When my faith hit rock bottom at the end of seminary, I became spiritually despondent. I also became very, very angry that the religious practices and beliefs I’d been given let me down.
As I voiced my doubts and anger, I received some pretty strong pushback from evangelicals who had no tolerance for my doubts and felt personally attacked. On the other side of that time in my life, I can see with greater clarity some of the reasons why we struggled to show compassion to each other.
How Do You Grow Spiritually?
In evangelicalism, there generally isn’t very much language or conception of spiritual formation or practice. We have tended to focus on “saving” and then preserving the soul. You save your soul by making the proper profession of faith and then learning more biblical truth. You remain “in Christ” by safeguarding that truth.
If you look at the broader Christian tradition that stretches back to the early church and desert fathers, there was a greater emphasis on solitude and prayer. This tradition had been preserved by the monastic tradition, and its influence has increased and decreased over the years. As the church grew in power and influence, it’s not surprising to see those spiritual practices decrease.
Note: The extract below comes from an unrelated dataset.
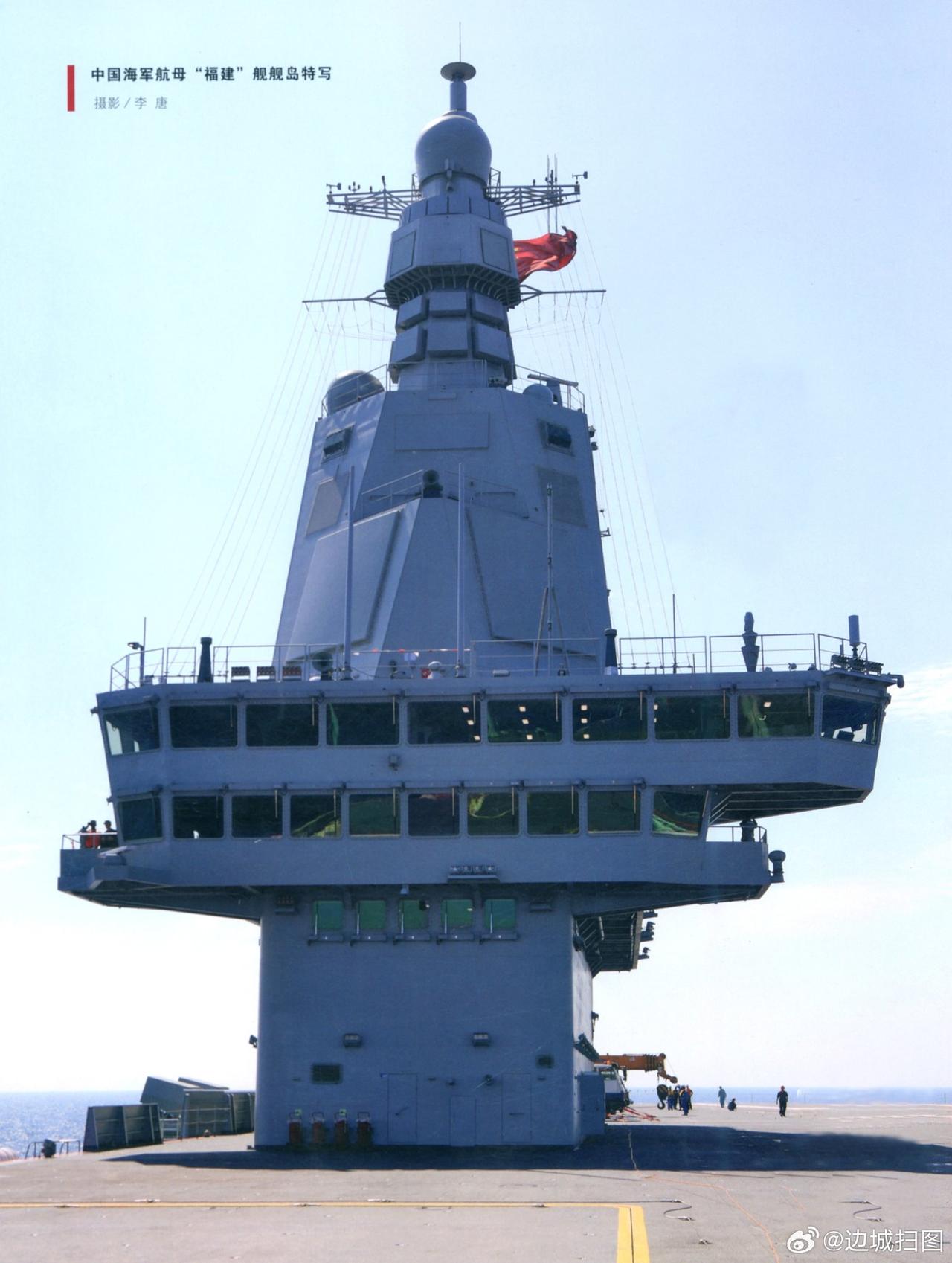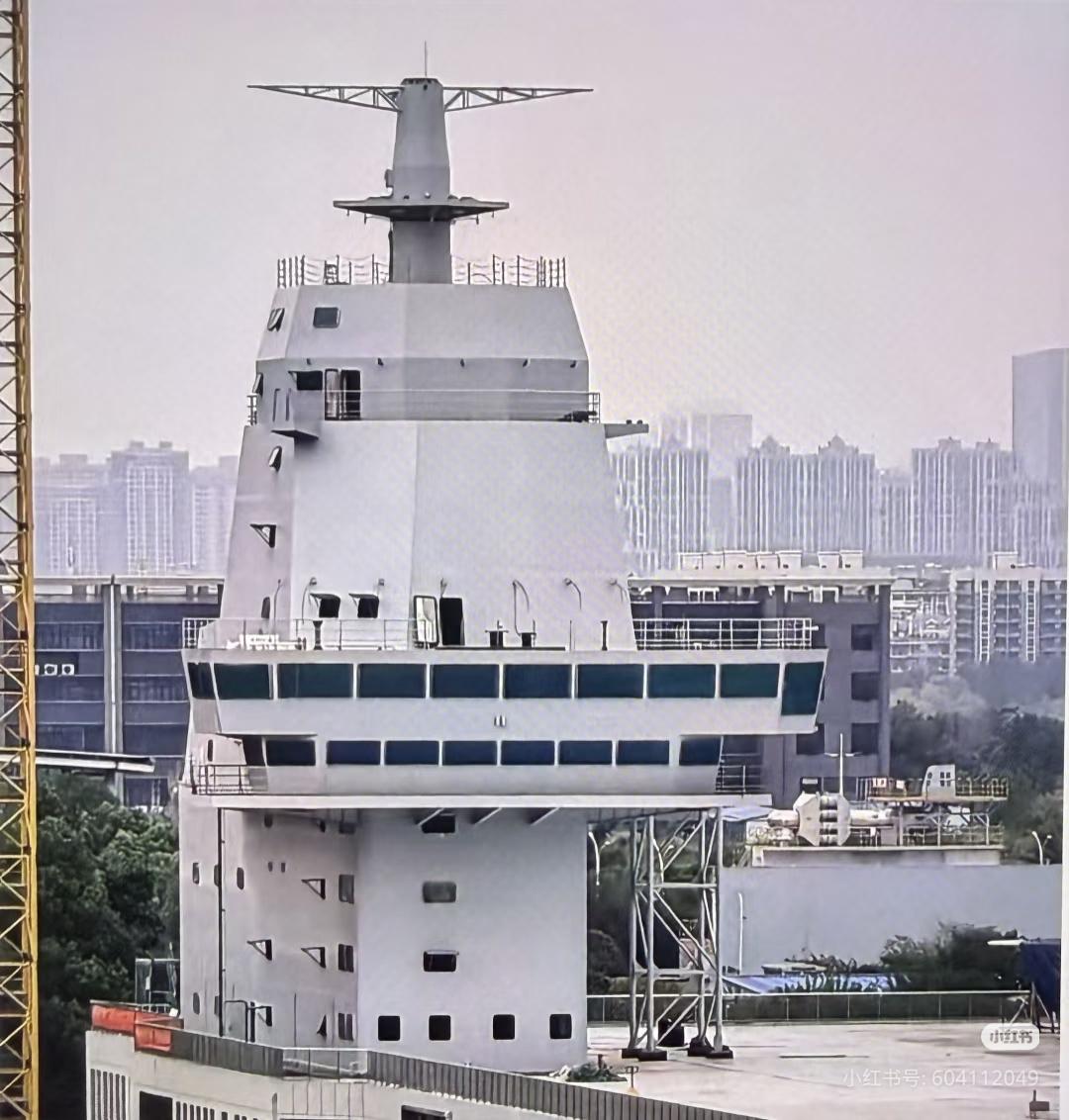 航母楼模型的最新进展,与去年的图像相比,没有显著变化。第三张图像为CV-18福建号舰岛以供比较。

As our access to monastic and desert father writings has increased, we can read that the three words that drove their spirituality were: “Flee, be silent, and pray,” as Nouwen writes in The Way of the Heart. Most importantly for our discussion about doubt and compassion, Nouwen notes that solitude (the fleeing and being silent parts) grow compassion in us as we encounter the love and mercy of God.
If we contrast the evangelical and the contemplative approaches to spirituality, we can see that one is focused on preservation while the other is focused on surrender. When I was trying to defend, preserve, or guard my spiritual life, I had little time or capacity for others unless they could help defend or teach the truth.
The surrender of solitude has forced me to face my darkest thoughts, resentments, and failures. When I resist solitude, it’s often because I’m resisting these dark sides of my life. I can only find relief and freedom by surrendering to God’s mercy, and that makes it significantly easier to show mercy to others.
Within the evangelical mindset, I learned to defend my faith from my own doubts and from those who would cast doubts on my faith. There was no room for failure. It was an all or nothing mindset. Without a more robust language of “spiritual practice” to provide an actual grounding for my faith, I had placed my confidence in study and orthodoxy. After immersing myself in study throughout my undergraduate and seminary years, while also going all in with everything the church asked of me, I saw just how fragile my faith had become, and I was angry.
I had invested years of my life into the study of scripture and defending particular viewpoints of the Bible. When those defenses fell apart and I realized that I was still just as far from God as when I started out, I had a “burn it all down” mindset toward theology and the church systems I’d given so much of myself to.
The hardest part of this is that the people in the systems of church and theology didn’t do anything malicious to me. They were just passing along the best things they could to me. We were all acting in good faith.
We all also lacked the very practices that could cultivate compassion in us. We were both trained in systems that valued conformity and checking particular boxes. As I left the conservative system, I just replaced it with a more progressive one but maintained the same mindset that lacked compassion or any kind of meaningful spiritual practice.
As I enter into completive prayer, I have to face my dark side and the only way out is to accept God’s mercy.
I am finally seeing the evangelical subculture with more compassion and grace because I can see how badly we both need the same mercy from God. I still have my insecurities. I have plenty of rage for the evangelical captivity to politics and cultural influence. But I at least can detect when I’m moving toward an unhealthy place.
When I sense myself moving toward my unhealthy stress points of anxiety and fear (hello, enneagram 9’s!), I now have spiritual practices I can turn toward with hope. Under the mercy of God, I have found the great equalizer of humanity, and that has helped me start to become kind to others, even the ones who would rather excommunicate me for my doubts.